In 2004 at Case Western Reserve University in Cleveland, OH, Cong, et al., presented an implantable pressure sensor targeted at long-term applications (Cong et al. 2004). The prototype device consisted of a soft biocompatible rubber cuff filled with a low viscosity, biocompatible liquid and wrapped around a mock artery. A high resolution MEMS pressure sensor immersed in the fluid detects a scaled version of the blood pressure waveform. An additional benefit of this design is that it measures the pressure difference between the blood and the body and, thus, does not require an additional atmospheric sensor. The stiffness of the cuff was chosen to be much less than that of the blood vessel, hopefully minimizing any restriction of the artery and, thus, mitigating long-term adverse biological effects. Experimental results for the prototype had excellent agreement with a reference pressure sensor in the mock artery. In 2005, the investigators presented an updated version of the cuff (Cong et al. 2005) that was molded from a medical-grade silicone elastomer and implanted in laboratory rats. The 5 mm × 2 mm × 100 μm device was compared to a commercial catheter-tip transducer; the two in vivo measured blood waveforms closely matched (with a scaling factor). In 2006, this work was further improved with the integration of a rigid isolation ring that surrounds and isolates the cuff from its environment leading to reduced long-term sensor drift (Cong et al. 2006). Devices with and without the isolation ring were wrapped around the right carotid artery of a laboratory rat and the improved device displayed a baseline drift of 0.6 mmHg in 120 s, three times smaller than the original device and dominated by drift in the commercial pressure sensor. The improved device is shown in Fig. 10.

Fig. 10
figure 10

An improved drift, long-term arterial cuff developed at Case Western Reserve University (Cong et al. 2006)

5 Conclusion and outlook

This paper has given an overview of long-term implantable blood pressure monitoring technology and reviewed the industrial work and research in that area. Tables 3 and 4 summarize the work in this area to date. Thus far, intra-arterial devices specifically targeted at niche clinical applications have been the most successful. Extra-arterial devices have the benefit of a reduced risk of blood-related complications; however, future devices should be designed to have little impact on the artery and their signal drift (when implanted) needs to be improved before they achieve clinical success. The need for invasive surgical implantation may continue to hamper these devices, however.
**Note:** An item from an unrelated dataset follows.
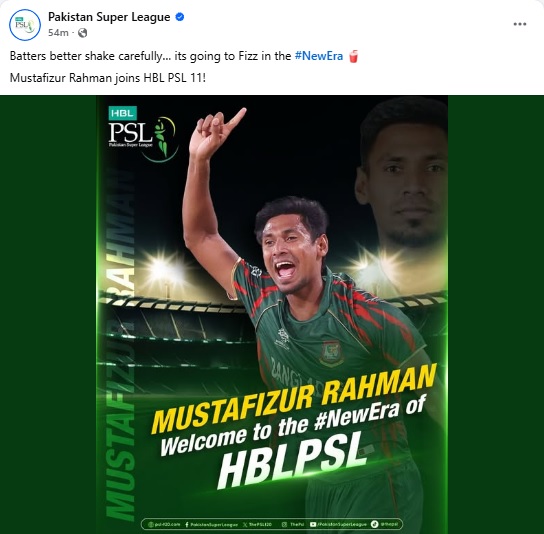 নিরাপত্তা শঙ্কায় আইপিএল থেকে বাদ পড়া মুস্তাফিজুর রহমান এবার পাকিস্তানের পিএসএলে খেলবেন। আগামী পিএসএলের ১১তম আসরে অংশ নিতে মুস্তাফিজকে স্বাগত জানিয়ে মঙ্গলবার (৬ জানুয়ারি) পাকিস্তান সুপার লিগের (পিএসএল) অফিসিয়াল ফেসবুক পেজ থেকে একটি পোস্ট প্রকাশ করা হয়েছে। সেখানে লেখা হয়েছে, ব্যাটাররা সাবধান… এবার নতুন অধ্যায় শুরু করতে যাচ্ছেন ফিজ। পিএসএলের ১১তম আসরে যোগ দিচ্ছেন মুস্তাফিজ।
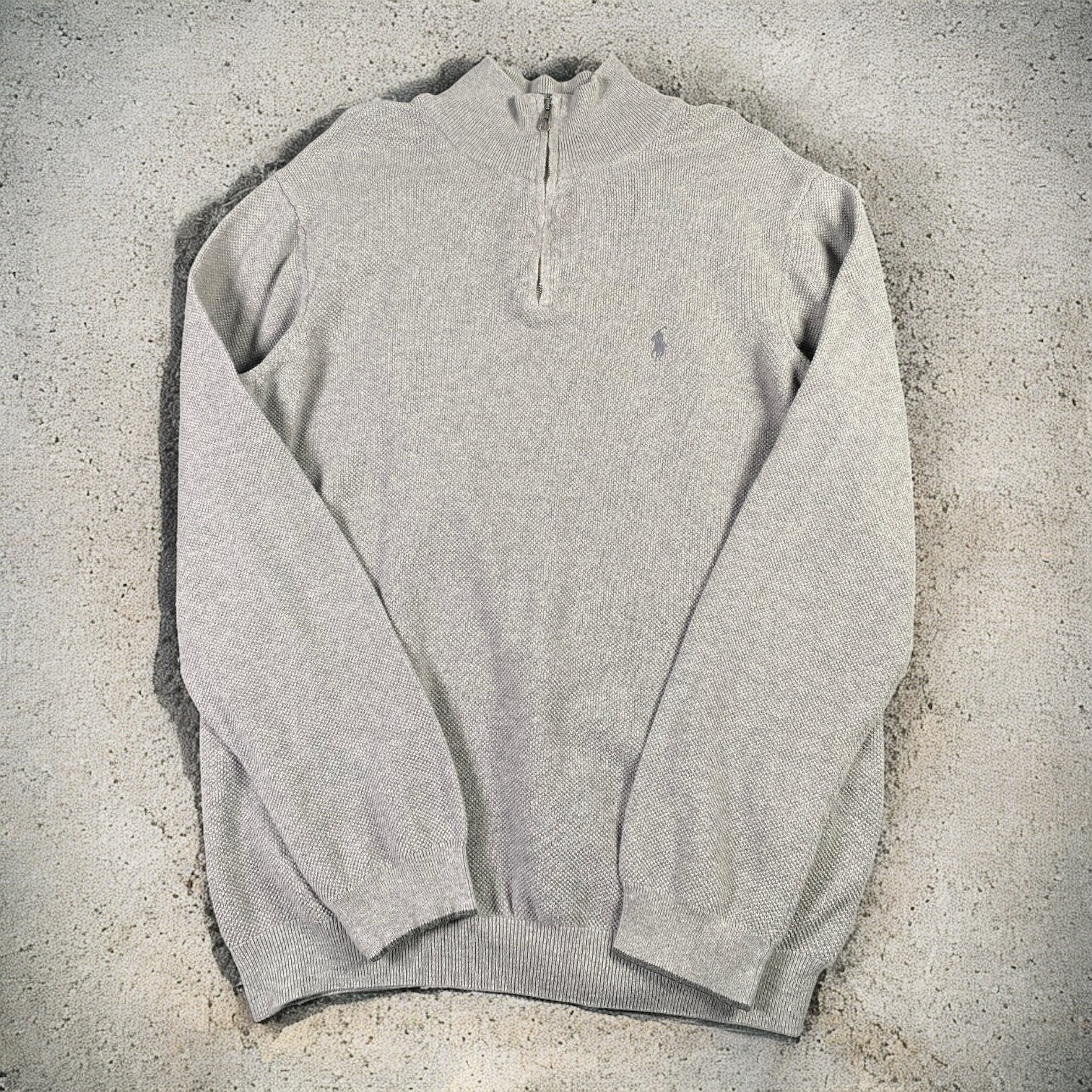 Polo Ralph Lauren Quarter-Zip Long Sleeve Sweater — classic grey with a subtle grey embroidered logo. Soft and cozy, perfect for layering or casual wear while showcasing timeless Polo detailing.

Table 3 A summary of implantable arterial pressure sensors from academia
Table 4 A summary of implantable pressure sensors from industry

Overall, significant progress has been made in the field since the idea was first introduced in the 1960s (Van Citters et al. 1966; Olsen et al. 1967), with advances in batteries, wireless communication, wireless power transmission, miniaturization and microtechnology, and biocompatible materials. Companies are offering long-term implantable blood pressure sensors for animal research and one has received FDA approval and been implanted in over 100 human subjects (Becker 2006). To date, most devices have contained capacitive sensors, required remote powering, and utilized RF communication. However, devices utilizing optical communication and powering are being investigated and promise to possibly reduce communication error and improve transmission distance into the body. In addition, acoustic waves have been utilized in industry to achieve wireless powering and communication (Remon Medical Technologies Inc. 2007). MEMS technology has been utilized to micromachine sensors and sensors systems. This trend will continue along with the use of nanotechnology to miniaturize systems further. Next, research has been suggested or performed on scavenging energy from the environment (Starner and Paradiso 2004; Paradiso ans Starner 2005). Future implants may utilize energy sources within the body to achieve self-powering (Ko 1980; Lewandowski et al. 2007). Such abilities will remove the lifetime restriction of batteries and enable continuous data collection and storage without remote powering. Such advancements will continue to improve the field of long-term blood pressure monitoring and will benefit patients that critically need such technology.